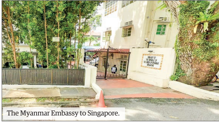
The Myanmar Embassy to Singapore.

The statement said the embassy already warned that no individual or organization is allowed to provide this service. It added that it has received complaints from some Myanmar nationals that there are people who ask them to send personal information to the embassy's WhatsApp numbers
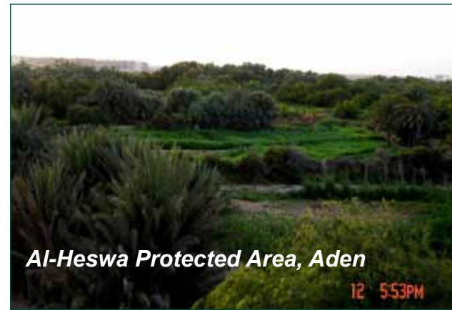
Al-Heswa Protected Area, Aden
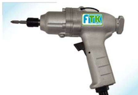
▶ MUS-926 Air Screw Driver
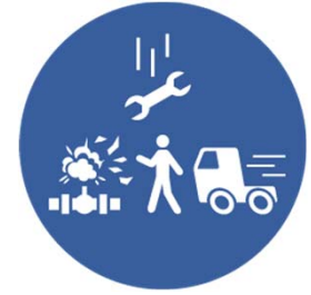
LINE OF FIRE
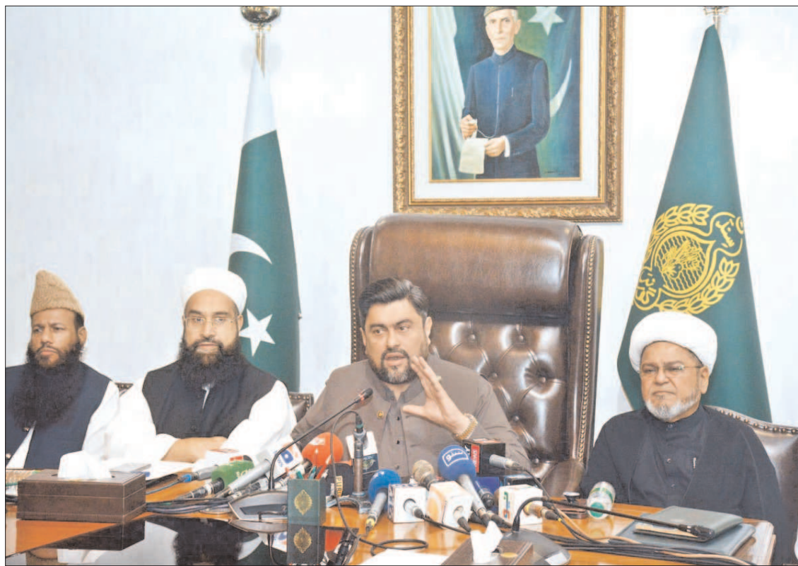
KARACHI: Sindh Governor Kamran Khan Tessori addressing a press conference after chairing a meeting with Ulema regarding the law and order situation in Muharram ul Haram at Governor House.

PRI is an essential driver striving for Pakistan's financial independence and diversion from reliance on international debt and forex assistance.
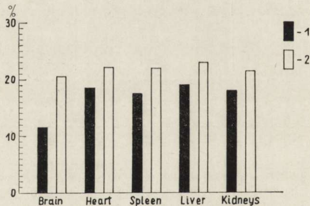
Fig. 2. Dry residue in per cent of fresh mass after fixing in alcohol (1) and formalin (2).

Organs of M. musculus fixed in 90% alcohol and 4% formalin were dried, and the dry residue expressed in percentages of the fresh mass. As can be seen from Fig. 2 the dry residue of organs fixed in formalin
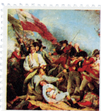
Bunker Hill 1775 by Trumbull US Bicentennial IOc
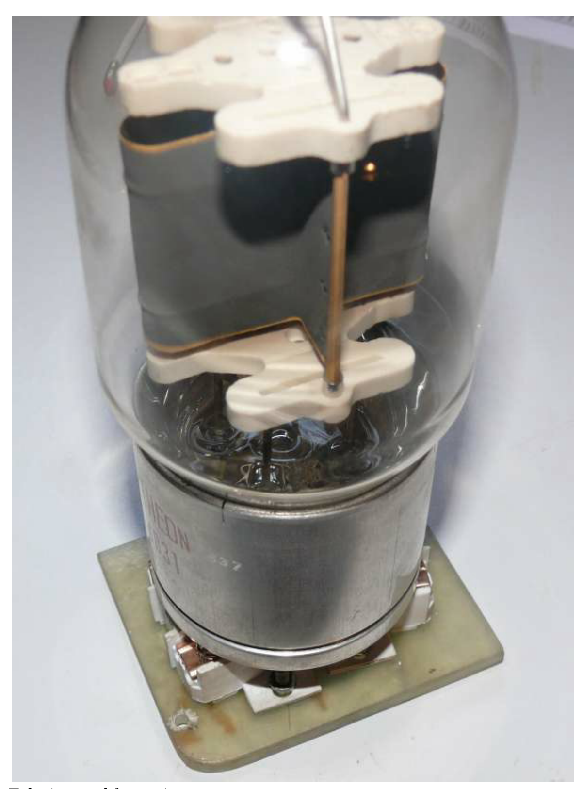
Tube inserted for testing

···

■ The problem: In the material above, show every line where the word "formalin" turns up.

■ Answer box:
Fig. 2. Dry residue in per cent of fresh mass after fixing in alcohol (1) and formalin (2).
Organs of M. musculus fixed in 90% alcohol and 4% formalin were dried, and the dry residue expressed in percentages of the fresh mass. As can be seen from Fig. 2 the dry residue of organs fixed in formalin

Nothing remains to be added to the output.